DVD DATABASE AND DATA WAREHOUSE

The problem at hand involves efficiently managing and extracting valuable insights from a DVD rental database to address various business needs and challenges. This project involves designing and implementing a DVD rental database and data warehouse to manage and organize various aspects of a DVD rental business. The project involves successful integration of the DVD Rental Database into Talend, with data loaded from PostgreSQL. Other steps are also included like creating a data warehouse and performing the analysis using Tableau. The implemented ETL pipelines have significantly enhanced data processing efficiency, streamlining the flow of information throughout the system. The project’s architecture is designed with scalability in mind, allowing for future expansion and adaptation to accommodate growing data volumes and evolving business needs.

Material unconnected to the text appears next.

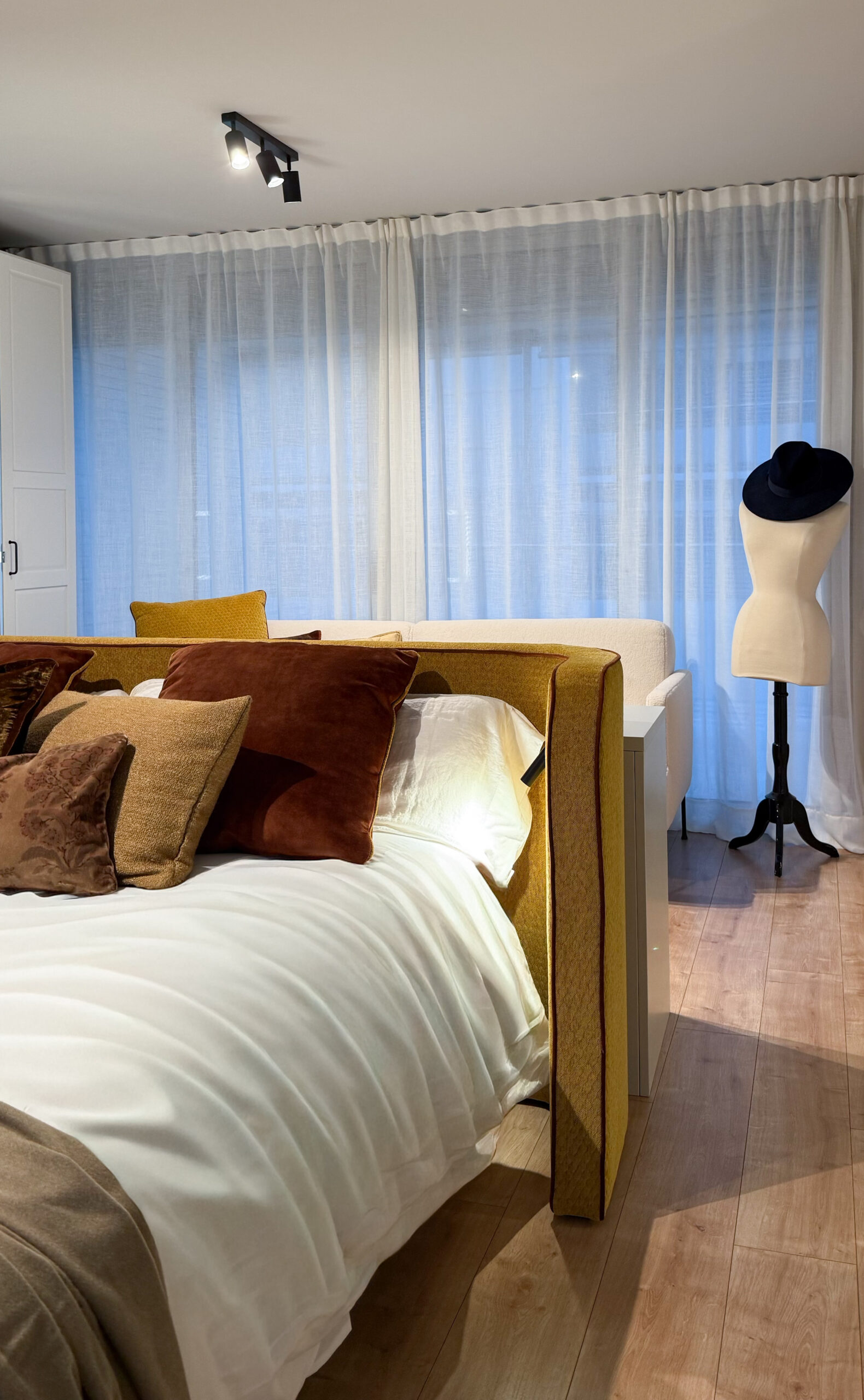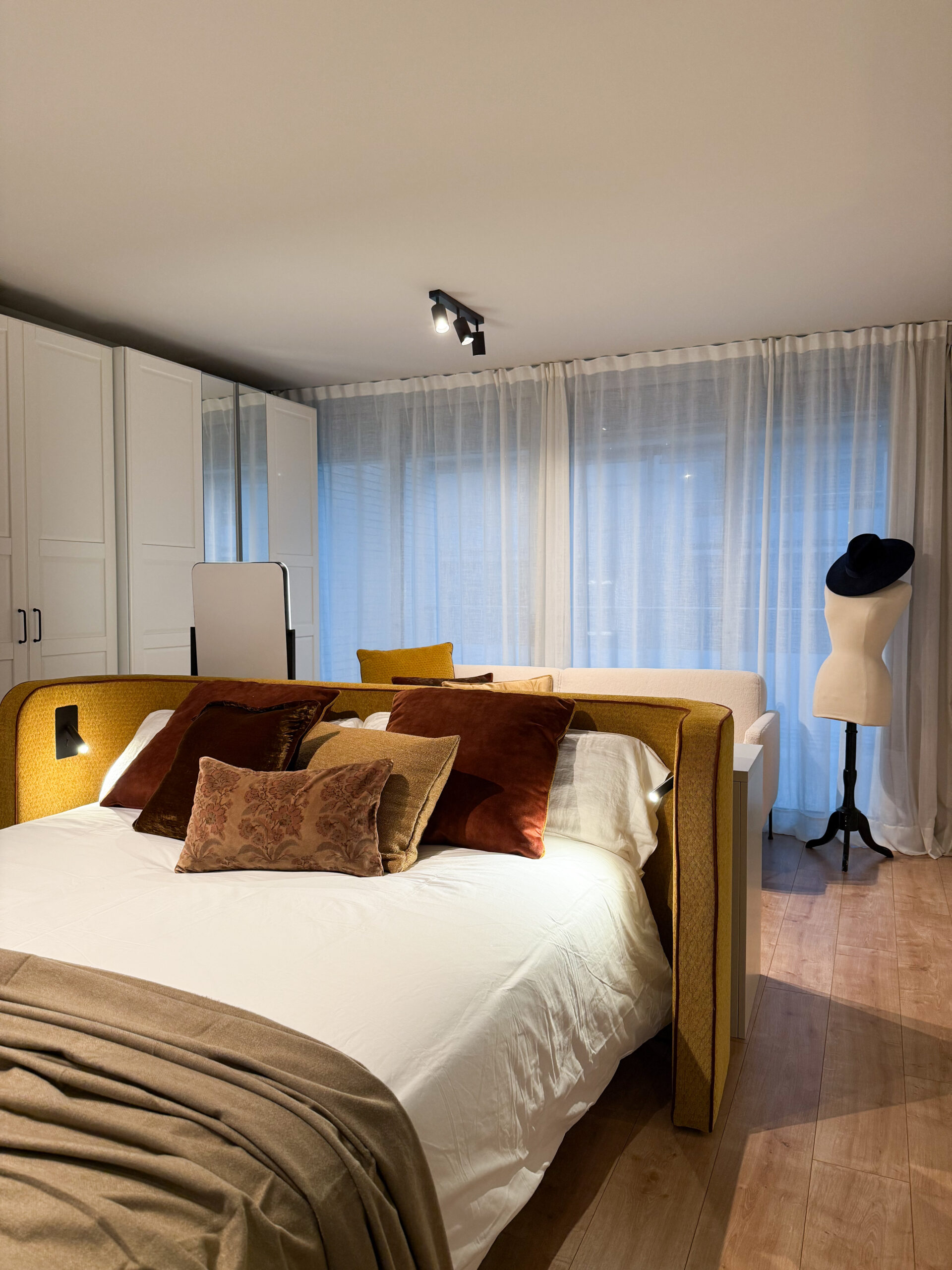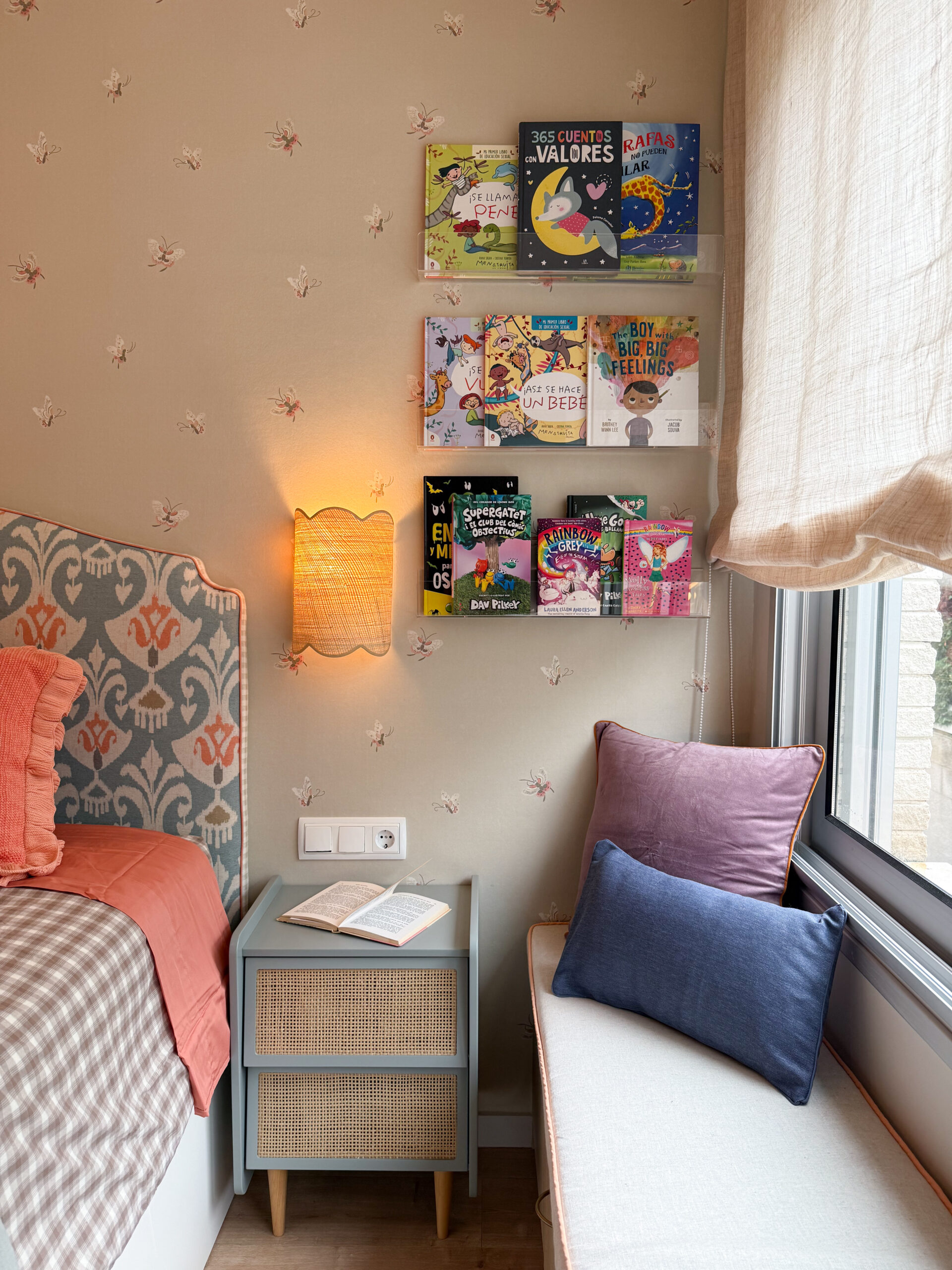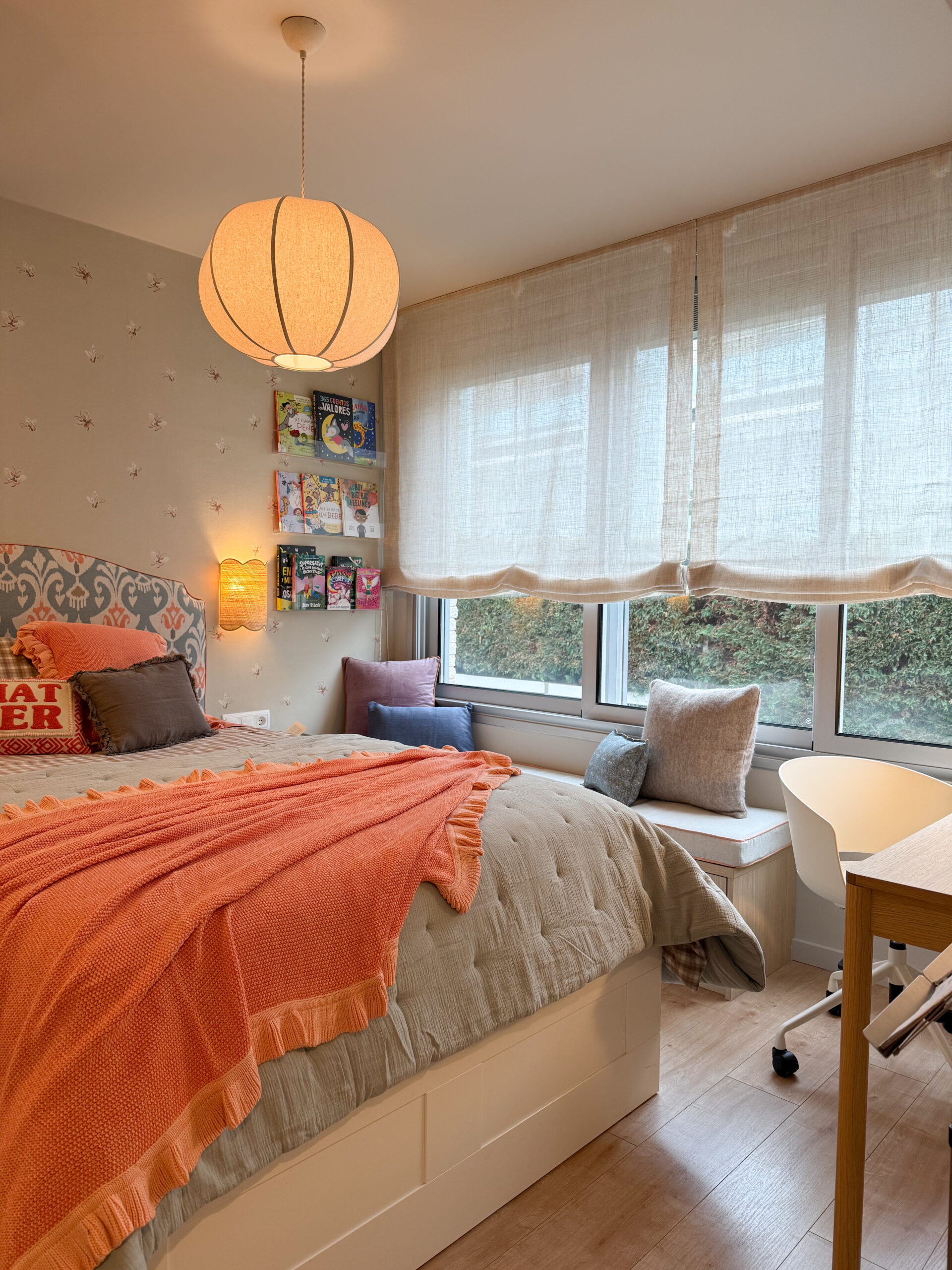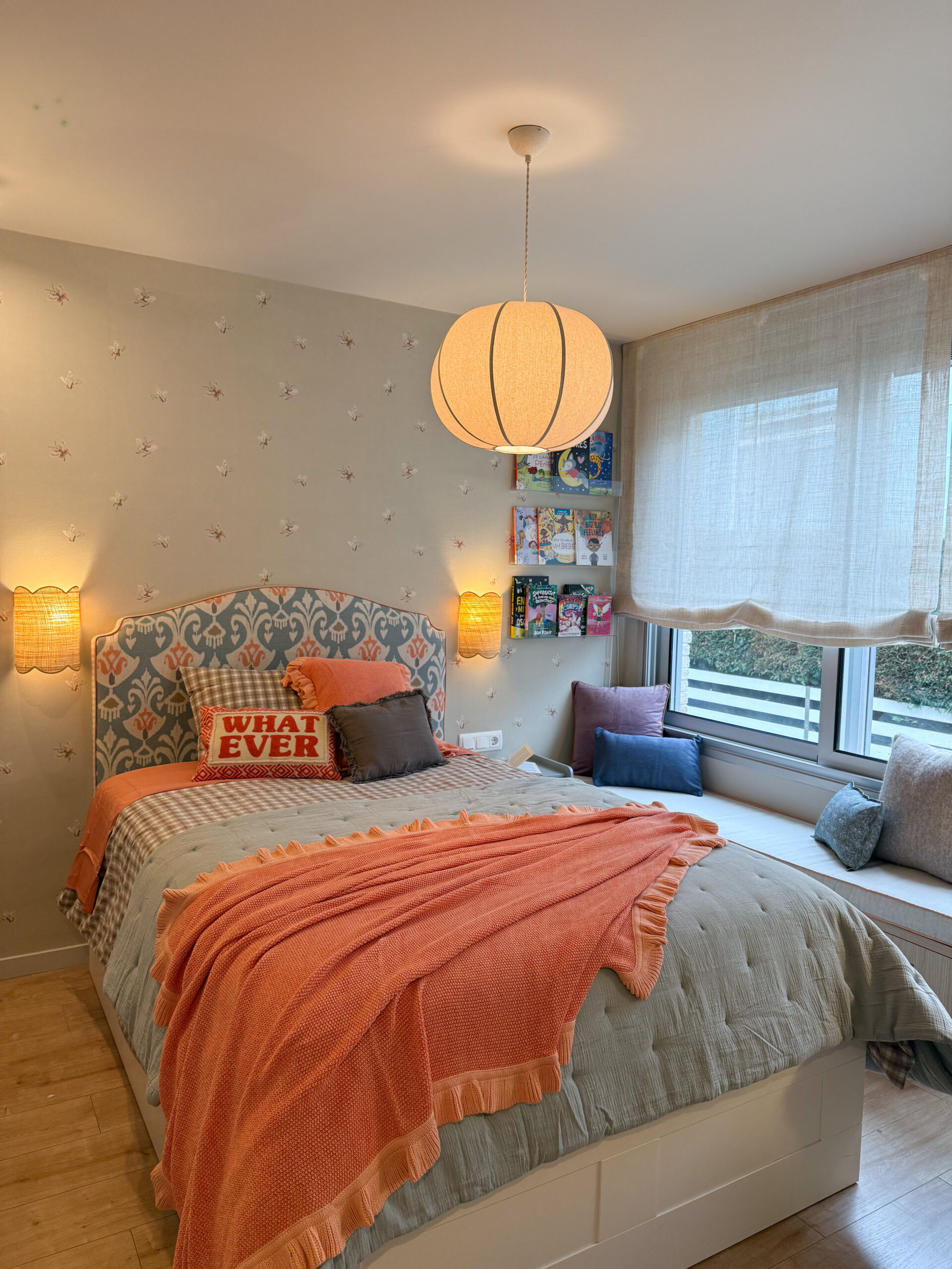 El proyecto incluye la transformación de las antiguas golfas en una nueva habitación con tocador, la incorporación de papeles pintados que aportan carácter y personalidad, y una gran estantería de hierro diseñada a medida que actúa como elemento central y distintivo de la vivienda. Como cierre del proyecto, se ha trabajado cuidadosamente la selección de textiles y la decoración, pensados para completar los espacios y reforzar la coherencia y el carácter global de la vivienda.

KEYWORD NETWORK & WORD FREQUENCY ANALYSIS

The primary aim of this project is to extract meaningful insights by transforming data into structured formats and applying various analytical techniques. Objective of the Keyword Network Analysis task is to extract and transform keyword data into a weighted network and analyze its structure by computing and visualizing node degree and strength. Objective of the Twitter Data Analysis task is to analyze word frequencies in Elon Musk’s tweets and apply network and statistical analyses, demonstrating the distribution, ranking of word frequencies, and illustrating the connections between frequently co-occurring words.